APSN Banner

Terrorism links in Indonesia point to military

Source
Asia Times - October 7, 2004

Gary LaMoshi, Denpasar – Last month's bombing of the Australian Embassy in Jakarta and next week's anniversary of the 2002 bombings in Bali are reminders of the serious terrorism threat in the world's largest predominantly Muslim nation. The victory of former general Susilo Bambang Yudhoyono as Indonesia's first directly elected president raises hopes of tougher moves against terror, based on his resume as a former security minister who oversaw counter-terrorism efforts and his military background.

It also raises issues of military reform. Some believe Yudhoyono has the ability to reform the Indonesian armed forces, despite his military ties; others say he did practically nothing in this regard during his three years as security and defense minister.

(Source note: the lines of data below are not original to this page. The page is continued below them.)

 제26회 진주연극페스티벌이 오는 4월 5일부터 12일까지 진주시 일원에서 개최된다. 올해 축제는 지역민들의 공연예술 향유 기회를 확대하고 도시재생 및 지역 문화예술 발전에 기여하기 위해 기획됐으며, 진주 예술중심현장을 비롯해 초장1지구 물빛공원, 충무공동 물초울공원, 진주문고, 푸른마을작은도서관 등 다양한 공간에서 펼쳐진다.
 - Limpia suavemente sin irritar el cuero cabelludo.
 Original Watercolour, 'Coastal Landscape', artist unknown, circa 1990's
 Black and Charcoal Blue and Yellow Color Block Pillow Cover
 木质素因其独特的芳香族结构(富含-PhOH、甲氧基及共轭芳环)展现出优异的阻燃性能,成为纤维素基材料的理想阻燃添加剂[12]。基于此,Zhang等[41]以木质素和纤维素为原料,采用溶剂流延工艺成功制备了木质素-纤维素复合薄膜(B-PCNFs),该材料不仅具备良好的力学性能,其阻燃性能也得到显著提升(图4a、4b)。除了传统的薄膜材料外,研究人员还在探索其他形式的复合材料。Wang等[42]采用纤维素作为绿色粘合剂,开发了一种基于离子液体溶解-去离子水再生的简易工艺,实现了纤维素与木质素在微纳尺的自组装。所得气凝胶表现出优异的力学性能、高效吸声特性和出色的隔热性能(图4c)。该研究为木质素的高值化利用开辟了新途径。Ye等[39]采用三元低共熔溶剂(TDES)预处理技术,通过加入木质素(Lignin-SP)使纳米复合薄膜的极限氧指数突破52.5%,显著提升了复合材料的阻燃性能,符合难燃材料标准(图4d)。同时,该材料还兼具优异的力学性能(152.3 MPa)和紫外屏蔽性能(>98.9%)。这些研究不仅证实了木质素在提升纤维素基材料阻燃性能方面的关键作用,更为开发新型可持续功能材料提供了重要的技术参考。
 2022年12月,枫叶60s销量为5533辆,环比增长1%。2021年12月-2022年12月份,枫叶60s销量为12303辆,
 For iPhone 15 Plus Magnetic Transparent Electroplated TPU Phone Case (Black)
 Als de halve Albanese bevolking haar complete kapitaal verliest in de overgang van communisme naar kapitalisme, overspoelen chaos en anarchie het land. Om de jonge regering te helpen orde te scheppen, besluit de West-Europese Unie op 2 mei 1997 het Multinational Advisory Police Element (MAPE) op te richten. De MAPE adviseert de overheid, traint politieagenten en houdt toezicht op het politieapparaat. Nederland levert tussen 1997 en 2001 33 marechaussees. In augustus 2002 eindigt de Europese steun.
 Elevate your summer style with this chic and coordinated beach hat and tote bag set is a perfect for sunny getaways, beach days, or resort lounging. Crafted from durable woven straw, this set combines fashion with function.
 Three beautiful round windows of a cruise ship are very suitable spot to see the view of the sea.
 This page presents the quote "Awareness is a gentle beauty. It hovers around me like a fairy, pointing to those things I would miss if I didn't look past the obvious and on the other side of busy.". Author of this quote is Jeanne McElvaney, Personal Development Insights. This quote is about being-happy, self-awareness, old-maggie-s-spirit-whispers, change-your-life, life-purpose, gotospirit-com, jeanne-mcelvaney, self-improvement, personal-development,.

Yudhoyono's election will likely accelerate US efforts to renew its partnership with Indonesia's armed forces and rescind its ban on military aid because of human-rights abuses, convinced as it is that the military is a key part of any terrorism solution. Yet that belief requires ignoring evidence that the military encouraged radical religious violence largely responsible for creating Indonesia's terrorism problem.

The top authority on terrorism in Indonesia is weary of providing answers. In response to an e-mail query about links between Indonesia's military and terrorism, Sidney Jones of the International Crisis Group (ICG) wrote, "Sorry, but there are so many things wrong in the way you outline your assumptions that it would take too long to correct before going on to comments." Those assumptions consign people looking for direct links to a group Jones dismisses as "conspiracy theorists", even though ICG's own research identifies numerous Indonesian military links to terrorist violence.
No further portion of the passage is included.